Date of Report (Date of earliest event reported): March 3, 2008

BUFFALO WILD WINGS, INC.
(Exact name of registrant as specified in its charter)

 Minnesota
 (State or Other Jurisdiction of Incorporation)

 000-24743 31-1455913
(Commission File Number) (IRS Employer
 Identification No.)

5500 Wayzata Boulevard, Suite 1600
Minneapolis, Minnesota 55416
(Address of Principal Executive Offices) (Zip Code)

(952) 593-9943
(Registrant's telephone number, including area code)

Not Applicable
(Former Name or Former Address, if changed since last report)

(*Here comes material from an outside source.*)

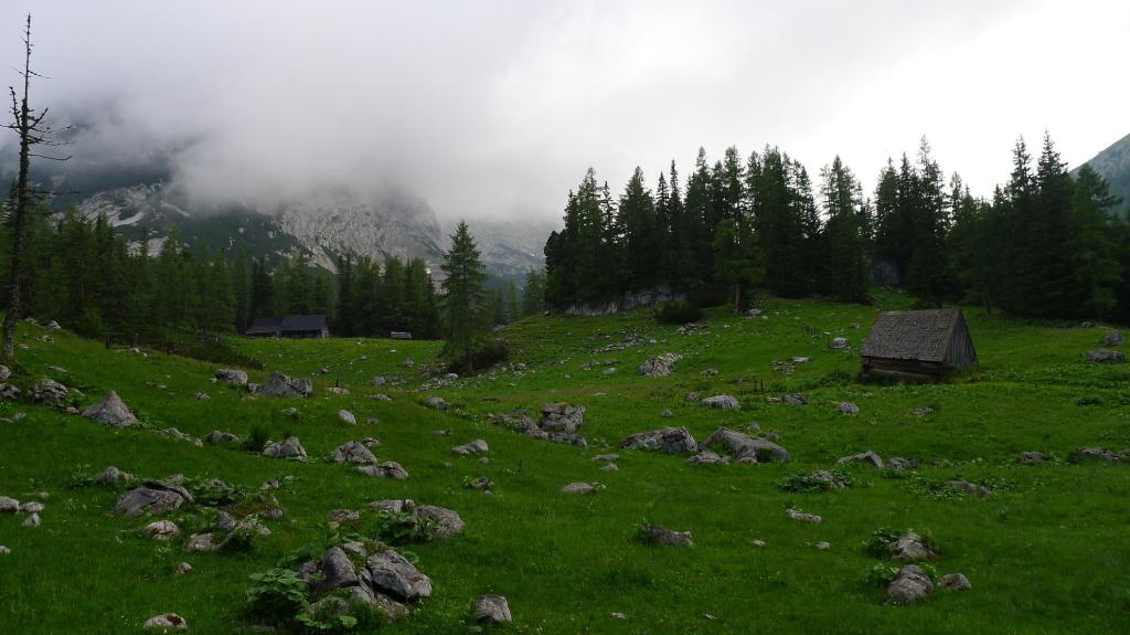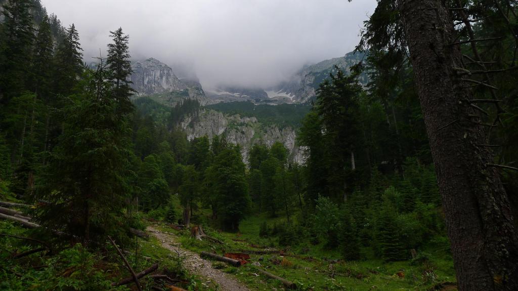 El sendero es pedregoso y un poco barroso y el hayedo se va transformando en frondoso abetal. Dejamos otra ruta a la izquierda y seguimos a la derecha (1235m 0h48′). Después hay otra bifurcación a la izquierda (1445m). Llegamos a una hondonada llana con cabañas y vacas (1580m 1h50′). Nos cae alguna gota, pero luego parece que se ve algún trocito de cielo azul.

Check the appropriate box below if the Form 8-K filing is intended to simultaneously satisfy the filing obligation of the registrant under any of the following provisions:

|_| Written communications pursuant to Rule 425 under the Securities Act (17 CFR 230.425)

|_| Soliciting material pursuant to Rule 14a-12 under the Exchange Act (17 CFR 240.14a-12)

|_| Pre-commencement communications pursuant to Rule 14d-2(b) under the Exchange Act (17 CFR 240.14d-2(b))

|_| Pre-commencement communications pursuant to Rule 13e-4(c) under the Exchange Act (17 CFR 240.13e-4(c))


Item 7.01 REGULATION FD DISCLOSURE.

Attached hereto as Exhibit 99.1 is a copy of a script dated March 3, 2008 prepared for presentations to investors and others at the Raymond James Annual Institutional Investor Conference on March 4, 2008, by Sally Smith, Chief Executive Officer, and Mary Twinem, Chief Financial Officer of Buffalo Wild Wings, Inc. (the "Company"). These materials are also available on the Company's website at www.buffalowildwings.com.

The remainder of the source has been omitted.